Thursday, March 03, 2011

MARCH OF THE TOFURKIES

Food-wise, the San Francisco financial district is about as close to East Pig-Bollock, Arkansas, as you can get. It just isn’t very exciting.
The reason, of course, is very that a large number of the people who work here ARE actually from East Pig-Bollock, Massachusetts.
Emmes.

By East Pig-Bollock, New Jersey, I really mean the suburbs. The entire rest of the Bay Area.
Which might as well be East Pig-Bollock, Ohio.
Please note that NO natives of East Pig-Bollock, Pennsylvania, have been harmed in the writing of this post.
So far.

What I wanted to eat for lunch today was roast goose over rice.
Is there ANY roast goose over rice in reasonable walking distance?
Less than three blocks from the office?
No.
No, there isn’t.

This is what's nearby: Burgers, Chinese for non-Chinese, Designer salads, Espresso joints, Greasy fast food, Greasy Greek food, Hip pretentious crap, Hot dogs, Indian, Japanese, Juice bar, Macro-biotic, Mexican, Pizza, Salads, Sandwiches, Soup, Thai, Tofu, Turkish, Vegan, Vegetarian, Veggieburgers, Vietnamese, Wheatgrass, Zero-fat yoghurt.

The categories of 'hip pretentious crap', 'espresso joint', and 'salads' are the most well-represented, with over a dozen establishments each.
[Respectively: 25, 16, and 15.]
Followed closely by vegetarian burritos and veggieburgers.
[12.]
Some of which contain tofu.
[8.]
Did I already mention the town of East Pig-Bollock, Texas? If East Pig-Bollock had hip pretentious crap, espresso, and salad, you wouldn't be able to tell the difference.

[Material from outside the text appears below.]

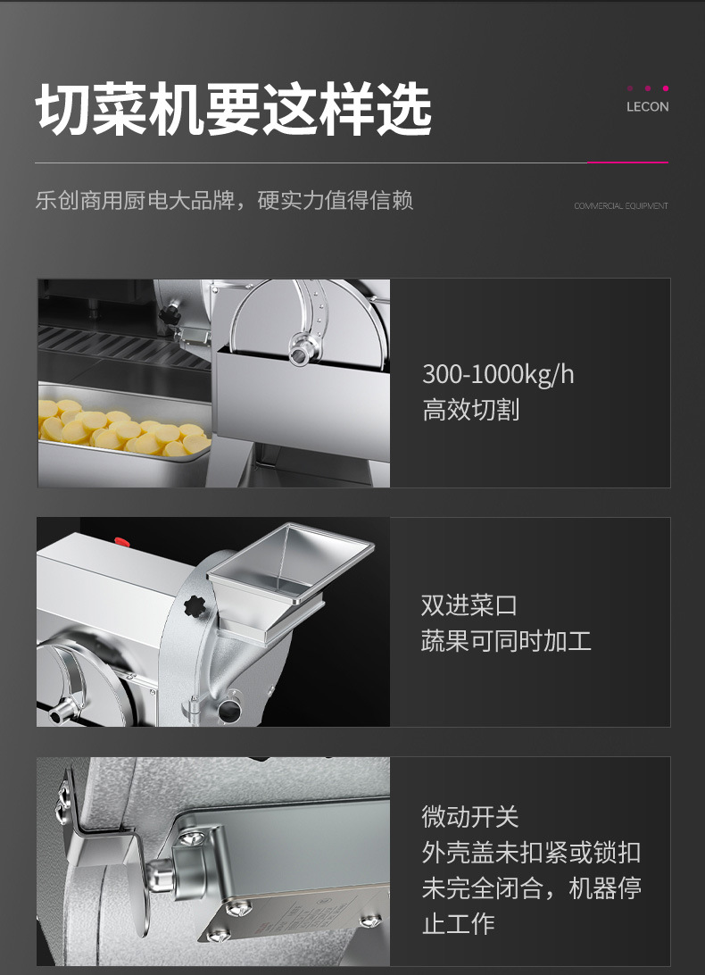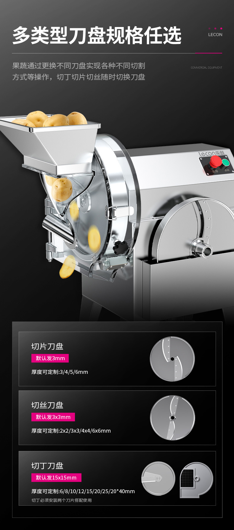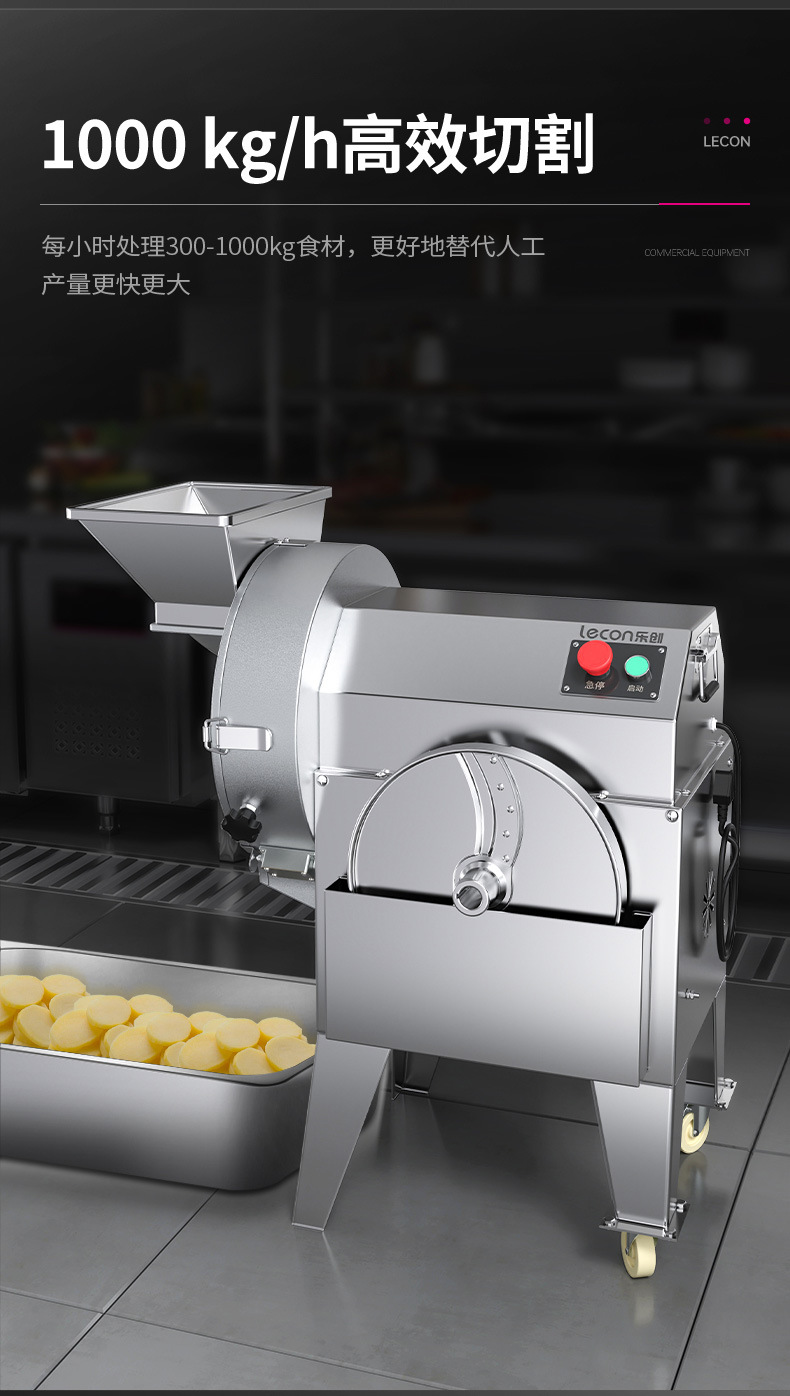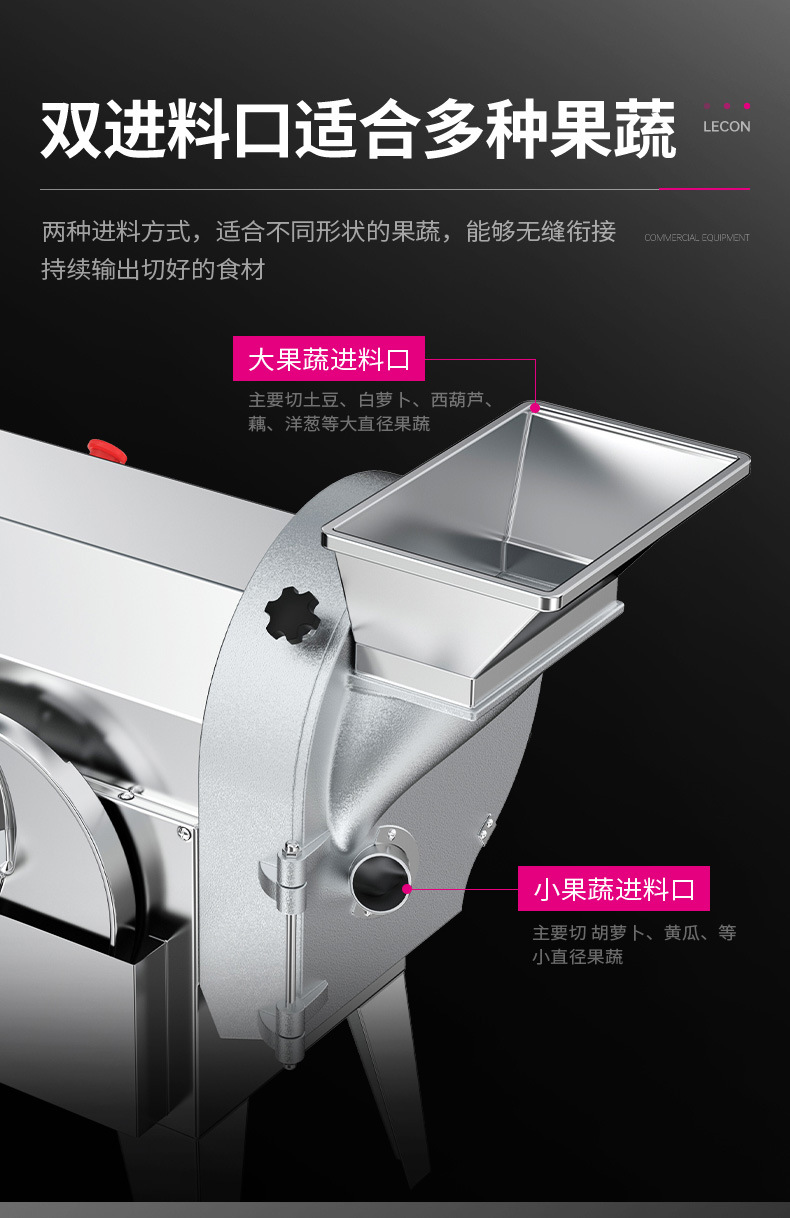 Lecchuang 상업용 야채 절단기, 과일 및 야채를 자동으로 처리하는 이중 급입구, 두꺼운 스테인레스 스틸 본체, 다기능 야채 절단기

Well, they might eschew tofu.
But they'd be identical in all other respects.

[NEVER eat tofu cooked BY white people FOR white people. The Chinese had it for over two thousand years, and everything was just dandy; tofu was a nice innocuous addition to the dinner table, often deep-fried. Whitey had it for less than a generation and invented tofurky. Faugh! I'd hate to see what they do to tofu in East Pig-Bollock, Utah.]

Why DO these suburbanites aspire to East Pig-Bollockian standards?
A big bowl of raw green muck and a low-fat soy milk decaff mochachino are NOT lunch.

Well, maybe they are if you're a pasty-faced pimply high-school heifer from East Pig-Bollock, Wisconsin.


Hmmph!


Roast goose. Rice. Some baby bokchoy. Shploop hot sauce.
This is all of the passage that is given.